(Activity): The output should match, line for line, the records from the line containing "Promoción válida únicamente" through the line containing "A cozy deck", with every picture left out.

(Source records):
● ● ● ● ● ● ●

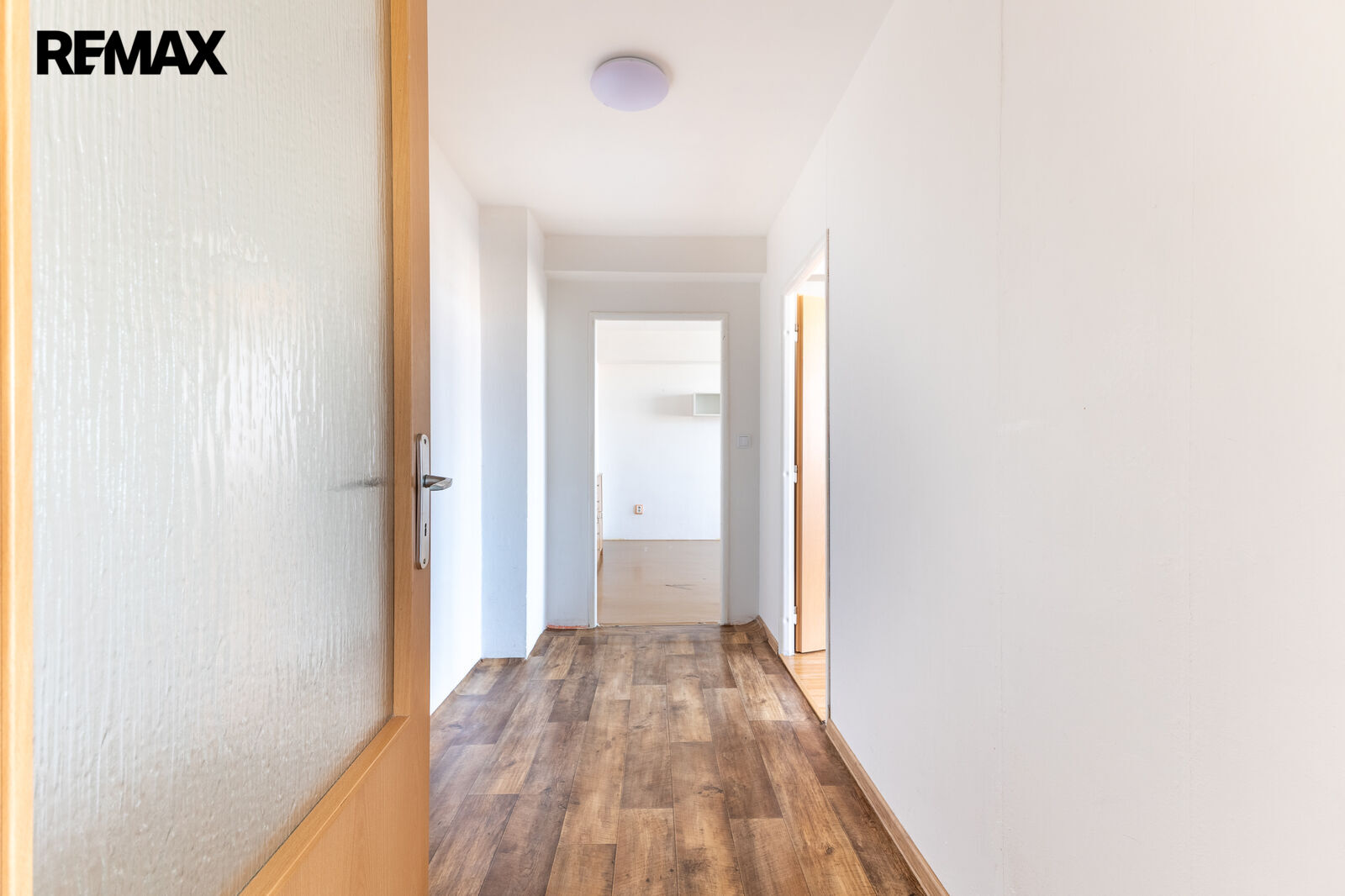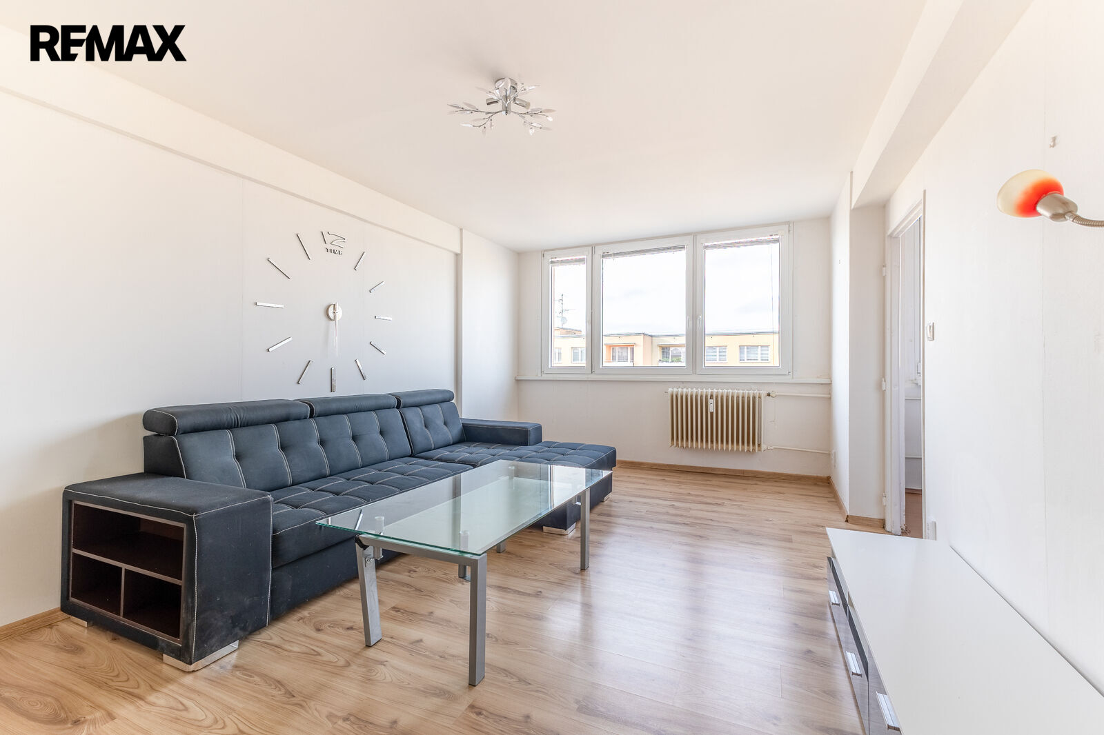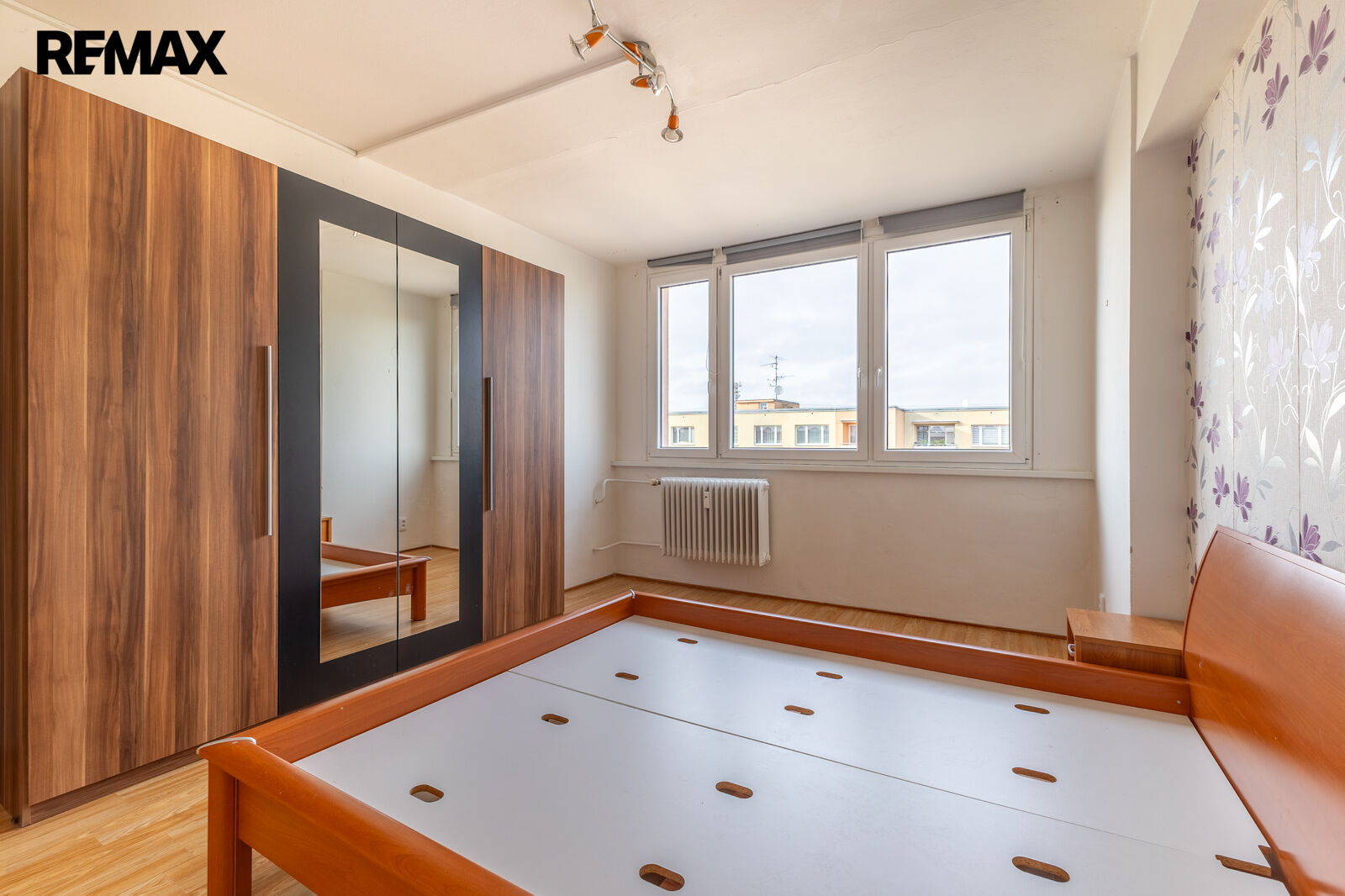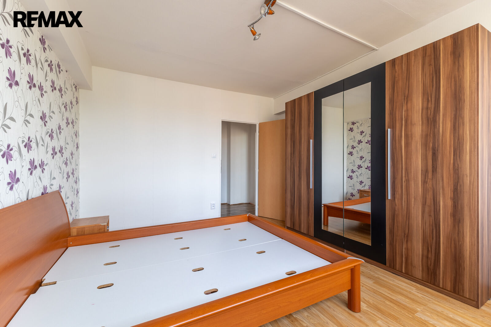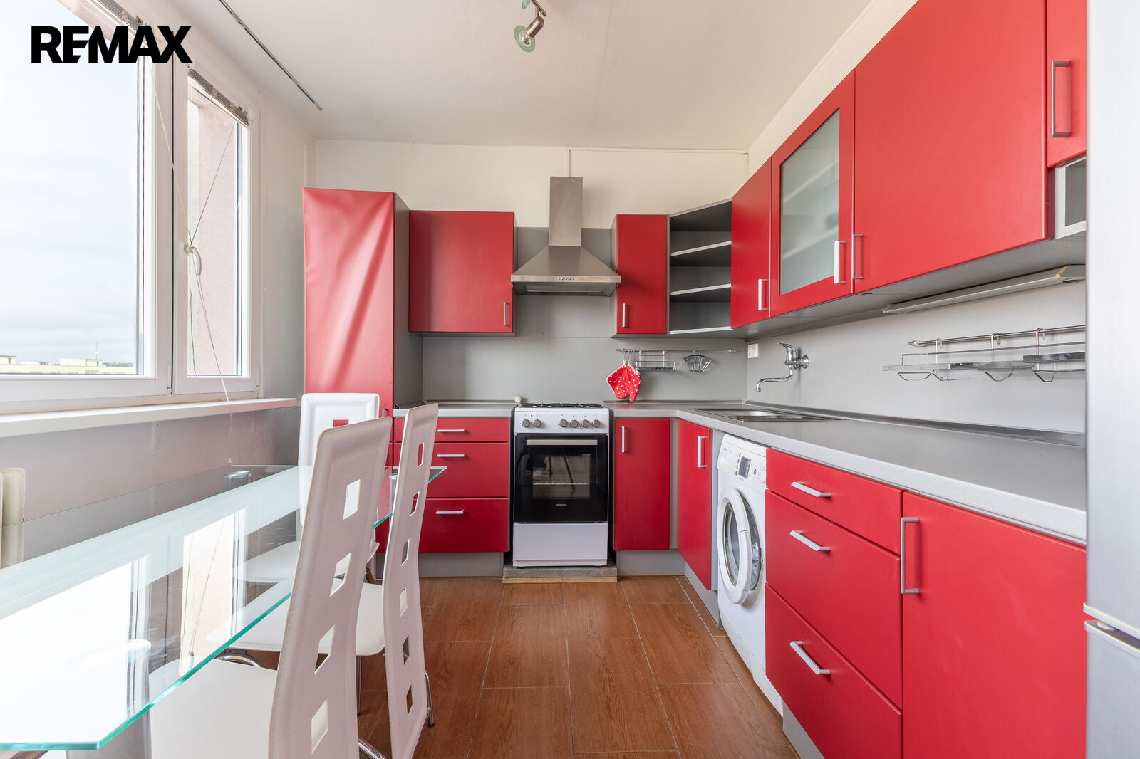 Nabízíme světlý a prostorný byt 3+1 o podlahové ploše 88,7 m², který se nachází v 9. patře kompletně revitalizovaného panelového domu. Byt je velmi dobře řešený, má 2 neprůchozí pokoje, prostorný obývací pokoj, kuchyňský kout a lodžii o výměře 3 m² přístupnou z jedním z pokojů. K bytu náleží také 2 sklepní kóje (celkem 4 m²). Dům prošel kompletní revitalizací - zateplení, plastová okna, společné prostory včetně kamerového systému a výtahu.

● ● ● ● ● ● ●

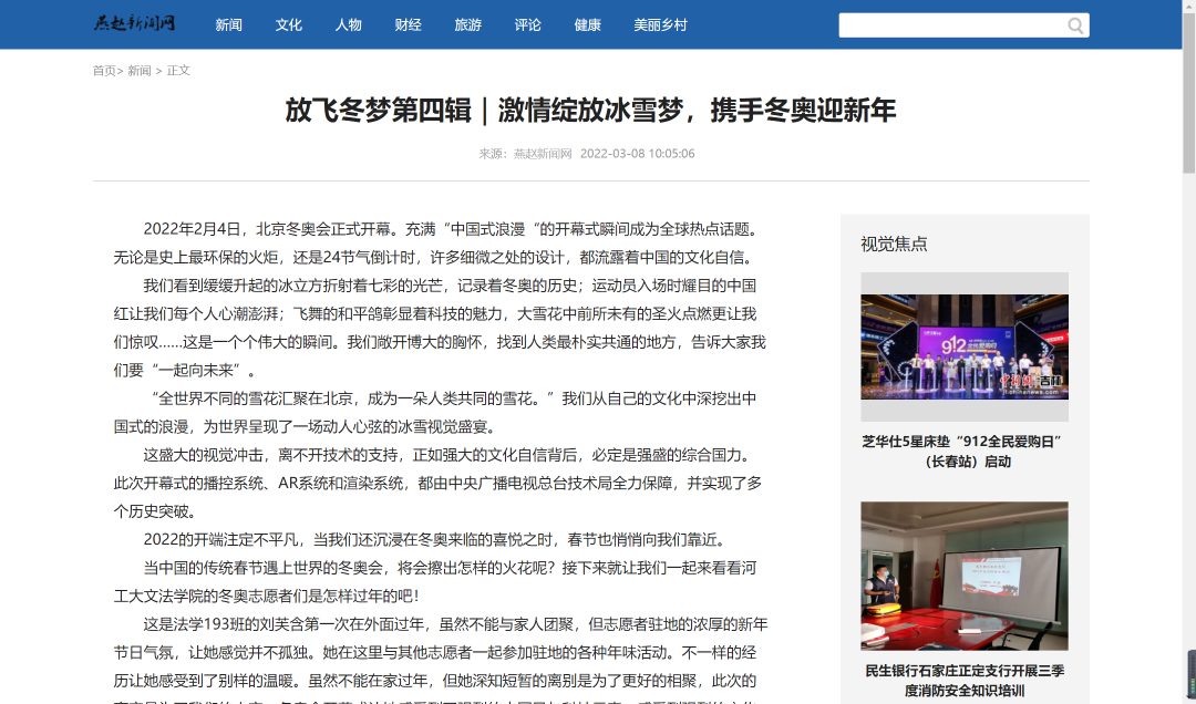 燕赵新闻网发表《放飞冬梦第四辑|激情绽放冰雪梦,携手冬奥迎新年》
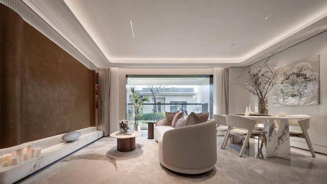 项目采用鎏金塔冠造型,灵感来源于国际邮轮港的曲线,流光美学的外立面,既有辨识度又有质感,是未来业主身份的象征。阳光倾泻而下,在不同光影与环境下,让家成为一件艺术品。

● ● ● ● ● ● ●

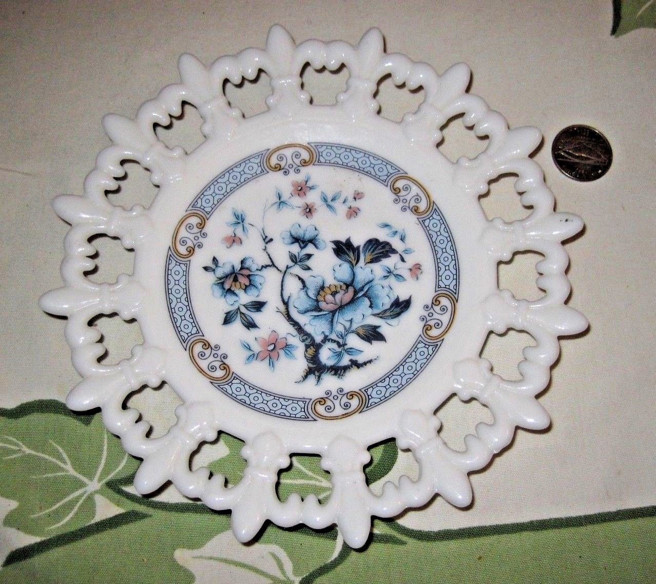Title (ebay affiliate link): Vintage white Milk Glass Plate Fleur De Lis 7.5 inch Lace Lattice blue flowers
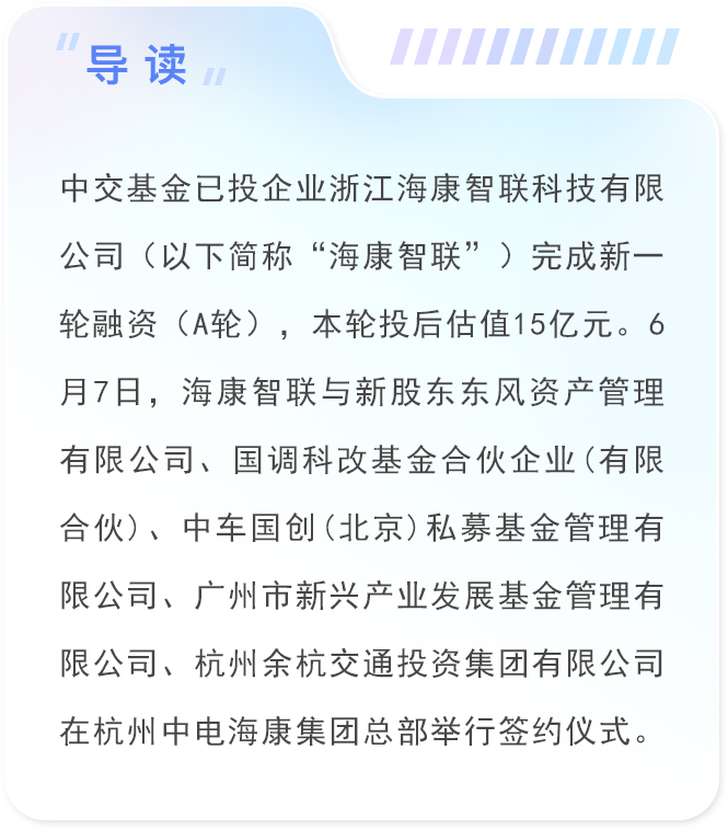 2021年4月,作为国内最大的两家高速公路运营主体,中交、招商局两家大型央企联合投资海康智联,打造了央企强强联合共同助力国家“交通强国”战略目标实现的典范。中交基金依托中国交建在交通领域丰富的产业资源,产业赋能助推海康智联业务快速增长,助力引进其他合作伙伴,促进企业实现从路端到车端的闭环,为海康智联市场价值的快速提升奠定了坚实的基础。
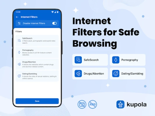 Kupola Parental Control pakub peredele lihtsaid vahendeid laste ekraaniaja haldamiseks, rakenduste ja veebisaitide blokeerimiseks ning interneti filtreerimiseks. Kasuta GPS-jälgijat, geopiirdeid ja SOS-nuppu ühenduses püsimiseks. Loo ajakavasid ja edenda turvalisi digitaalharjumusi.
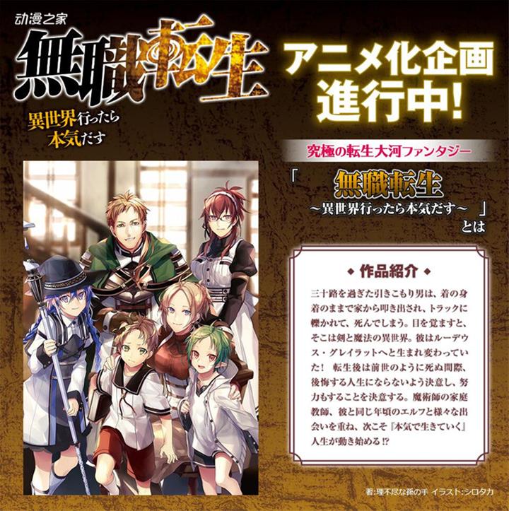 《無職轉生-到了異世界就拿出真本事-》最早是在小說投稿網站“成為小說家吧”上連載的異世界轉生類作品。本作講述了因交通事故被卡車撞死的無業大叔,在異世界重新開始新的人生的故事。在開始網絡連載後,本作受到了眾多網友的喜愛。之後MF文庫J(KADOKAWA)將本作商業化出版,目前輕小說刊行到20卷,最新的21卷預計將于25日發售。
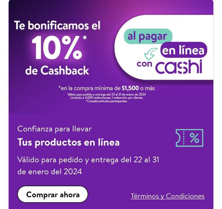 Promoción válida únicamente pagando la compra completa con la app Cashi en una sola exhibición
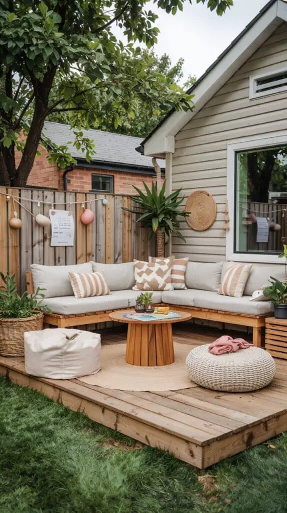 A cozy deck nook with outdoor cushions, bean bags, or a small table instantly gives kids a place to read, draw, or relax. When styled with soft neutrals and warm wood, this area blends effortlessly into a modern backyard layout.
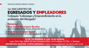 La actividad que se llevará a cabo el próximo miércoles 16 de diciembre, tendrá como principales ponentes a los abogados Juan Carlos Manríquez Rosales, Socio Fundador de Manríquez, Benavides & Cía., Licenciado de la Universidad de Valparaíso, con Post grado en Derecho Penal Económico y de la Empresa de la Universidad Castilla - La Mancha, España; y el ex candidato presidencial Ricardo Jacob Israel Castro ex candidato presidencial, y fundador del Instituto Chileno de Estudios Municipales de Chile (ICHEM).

● ● ● ● ● ● ●

(Completed task):
 Promoción válida únicamente pagando la compra completa con la app Cashi en una sola exhibición
 A cozy deck nook with outdoor cushions, bean bags, or a small table instantly gives kids a place to read, draw, or relax. When styled with soft neutrals and warm wood, this area blends effortlessly into a modern backyard layout.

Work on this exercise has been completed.